***** Supplied information

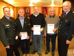 Dirk Mehring ist neuer Ortsbrandmeister in Riepen. Die Mitglieder der Feuerwehr wählten Mehring einstimmig zum Nachfolger von Friedhelm Möller, der ab März das Amt des Gemeindebrandmeisters in der Samtgemeinde Nenndorf übernimmt. Unterstützt wird Mehring von Frank Sonntag, der das Amt des Stellvertretenden Ortsbrandmeisters übernimmt. ![]() Auch der Tätigkeitsbericht der Jugendfeuerwehr stand ganz im Zeichen des Jubiläums. Jugendwart Bastian Breves schwärmte geradzu vom gelungenen Zeltlager im eigenen Ort. Das Wetter spielte zwar nicht immer mit, dennoch waren es einige schöne Tage, die allen Teilnehmern sicherlich in guter Erinnerung bleiben werden. Im Anschluss verteilte er an die fleißigsten Helfer und Organisatoren Wimpel, die sie an das Wochenende im Mai 2009 erinnern sollen. Die Jugendfeuerwehr war über das Jubiläum hinaus sehr aktiv. Die Jugendlichen besuchten Wettbewerbe, sammelten Weihnachtsbäume ein, lernten in Theorie und Praxis den Umgang mit den Gerätschaften und fuhren nach Evesen, um eine Woche lang am Stadtzeltlager Bückeburg teilzunehmen. Die Kinderfeuerwehr "Löschflitzer" trafen sich insgesamt 25 Mal. Während der regelmäßigen Treffen lernten die Kinder zwischen sechs und zehn Jahren vieles über die Feuerwehr. Aber auch das richtige Verhalten bei Bränden und Unfällen trainierten die Jungen und Mädchen zusammen mit der Leiterin Alexandra Niemann. Wettbewerbe, Bastelabende und Zeltlager rundeten das Jahr ab. Im November wählten die Führungskräfte der Samtgemeindefeuerwehr Friedhelm Möller zum neuen Gemeindebrandmeister. Das bedeutet, dass er das Amt des Ortsbrandmeisters der Freiwilligen Feuerwehr Riepen nicht mehr ausüben darf. Die Aktiven wählten daher den bisherigen Stellvertreter Dirk Mehring einstimmig zum neuen Ortsbrandmeister. Frank Sonntag, bisher Gruppenführer, übernimmt das Amt des stellvertretenden Ortsbrandmeisters. Für das neuen Jahr hat sich das Führungsduo vorgenommen, die Mitgliederwerbung zu forcieren. Der demografische Wandel macht sich auch in Riepen bemerkbar. Die Mitgliederzahlen gehen zurück und es wird immer schwieriger, die erforderliche Mindeststärke zu halten. Besonders spricht Mehring die Riepener Bürgerinnen an. Er präsentiert einen aktuellen Zeitungsartikel, in dem über Schaumburger Feuerwehrfrauen berichtet wird. Auf das ganze Land bezogen steigt der Anteil der Frauen in der Feuerwehr. Die Ortsfeuerwehr möchte natürlich an diesem erfreulichen Trend teilhaben und freut sich über jede Intereßentin. Aber natürlich sind auch alle Neuzugänge bei den "Löschflitzern", der Jugendfeuerwehr und der Einsatzabteilung herzlich willkommen. Zum Atemschutzgerätewart wählten die Mitglieder Michael Peters. Alexandra Niemann bleibt Leiterin der Kinderfeuerwehr. Als Nachfolger von Fritz Laeseke wurde Carmelo Vergato zum neuen Beisitzer gewählt. Ehrungen und Beföderungen durften nicht fehlen. Sven Niemann ist nun Oberfeuerwehrmann. Für 25-jährige fördernde Mitgliedschaft zeichneten Möller und Mehring Rudolf Badura, Günter Behrens und Eberhard Peters aus. Heiner Breves unterstützt die Ortsfeuerwehr seit nunmehr fünfzig Jahren. Text und Fotos: Marco Thiele // 09.01.2010
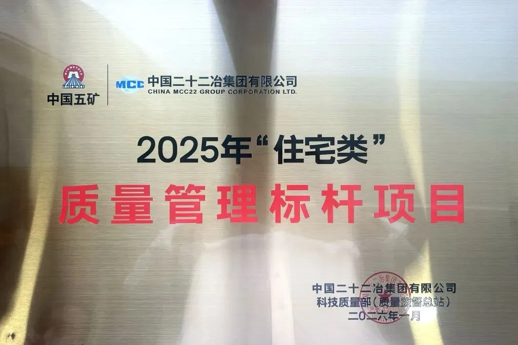 1月22日,中国二十二冶召开第三届质量管理标杆项目评选大会。一公司邢台海棠云颂二期项目凭借扎实严谨的质量管理体系、精益求精的施工工艺标准以及规范有序的现场管理表现,在100余个住宅类项目中脱颖而出,最终以综合评分第一的优异成绩斩获中国二十二冶2025年“住宅类”质量管理标杆项目。
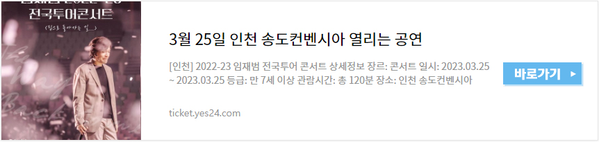 임재범의 2022-23 전국투어 콘서트가 진행 중이며, 이번 달 3월 11일 토요일 청주대학교 석우문화체육관, 3월 25일 토요일 인천 송도컨벤시아 열리는 공연이 각각 있습니다. 각각 예매할 수 있는 곳 링크 남겨드립니다.

**********

*Work to complete*: Repeat the listing above word for word and leave its images out.

*Written answer*:
 Dirk Mehring ist neuer Ortsbrandmeister in Riepen. Die Mitglieder der Feuerwehr wählten Mehring einstimmig zum Nachfolger von Friedhelm Möller, der ab März das Amt des Gemeindebrandmeisters in der Samtgemeinde Nenndorf übernimmt. Unterstützt wird Mehring von Frank Sonntag, der das Amt des Stellvertretenden Ortsbrandmeisters übernimmt. ![]() Auch der Tätigkeitsbericht der Jugendfeuerwehr stand ganz im Zeichen des Jubiläums. Jugendwart Bastian Breves schwärmte geradzu vom gelungenen Zeltlager im eigenen Ort. Das Wetter spielte zwar nicht immer mit, dennoch waren es einige schöne Tage, die allen Teilnehmern sicherlich in guter Erinnerung bleiben werden. Im Anschluss verteilte er an die fleißigsten Helfer und Organisatoren Wimpel, die sie an das Wochenende im Mai 2009 erinnern sollen. Die Jugendfeuerwehr war über das Jubiläum hinaus sehr aktiv. Die Jugendlichen besuchten Wettbewerbe, sammelten Weihnachtsbäume ein, lernten in Theorie und Praxis den Umgang mit den Gerätschaften und fuhren nach Evesen, um eine Woche lang am Stadtzeltlager Bückeburg teilzunehmen. Die Kinderfeuerwehr "Löschflitzer" trafen sich insgesamt 25 Mal. Während der regelmäßigen Treffen lernten die Kinder zwischen sechs und zehn Jahren vieles über die Feuerwehr. Aber auch das richtige Verhalten bei Bränden und Unfällen trainierten die Jungen und Mädchen zusammen mit der Leiterin Alexandra Niemann. Wettbewerbe, Bastelabende und Zeltlager rundeten das Jahr ab. Im November wählten die Führungskräfte der Samtgemeindefeuerwehr Friedhelm Möller zum neuen Gemeindebrandmeister. Das bedeutet, dass er das Amt des Ortsbrandmeisters der Freiwilligen Feuerwehr Riepen nicht mehr ausüben darf. Die Aktiven wählten daher den bisherigen Stellvertreter Dirk Mehring einstimmig zum neuen Ortsbrandmeister. Frank Sonntag, bisher Gruppenführer, übernimmt das Amt des stellvertretenden Ortsbrandmeisters. Für das neuen Jahr hat sich das Führungsduo vorgenommen, die Mitgliederwerbung zu forcieren. Der demografische Wandel macht sich auch in Riepen bemerkbar. Die Mitgliederzahlen gehen zurück und es wird immer schwieriger, die erforderliche Mindeststärke zu halten. Besonders spricht Mehring die Riepener Bürgerinnen an. Er präsentiert einen aktuellen Zeitungsartikel, in dem über Schaumburger Feuerwehrfrauen berichtet wird. Auf das ganze Land bezogen steigt der Anteil der Frauen in der Feuerwehr. Die Ortsfeuerwehr möchte natürlich an diesem erfreulichen Trend teilhaben und freut sich über jede Intereßentin. Aber natürlich sind auch alle Neuzugänge bei den "Löschflitzern", der Jugendfeuerwehr und der Einsatzabteilung herzlich willkommen. Zum Atemschutzgerätewart wählten die Mitglieder Michael Peters. Alexandra Niemann bleibt Leiterin der Kinderfeuerwehr. Als Nachfolger von Fritz Laeseke wurde Carmelo Vergato zum neuen Beisitzer gewählt. Ehrungen und Beföderungen durften nicht fehlen. Sven Niemann ist nun Oberfeuerwehrmann. Für 25-jährige fördernde Mitgliedschaft zeichneten Möller und Mehring Rudolf Badura, Günter Behrens und Eberhard Peters aus. Heiner Breves unterstützt die Ortsfeuerwehr seit nunmehr fünfzig Jahren. Text und Fotos: Marco Thiele // 09.01.2010
 1月22日,中国二十二冶召开第三届质量管理标杆项目评选大会。一公司邢台海棠云颂二期项目凭借扎实严谨的质量管理体系、精益求精的施工工艺标准以及规范有序的现场管理表现,在100余个住宅类项目中脱颖而出,最终以综合评分第一的优异成绩斩获中国二十二冶2025年“住宅类”质量管理标杆项目。
 임재범의 2022-23 전국투어 콘서트가 진행 중이며, 이번 달 3월 11일 토요일 청주대학교 석우문화체육관, 3월 25일 토요일 인천 송도컨벤시아 열리는 공연이 각각 있습니다. 각각 예매할 수 있는 곳 링크 남겨드립니다.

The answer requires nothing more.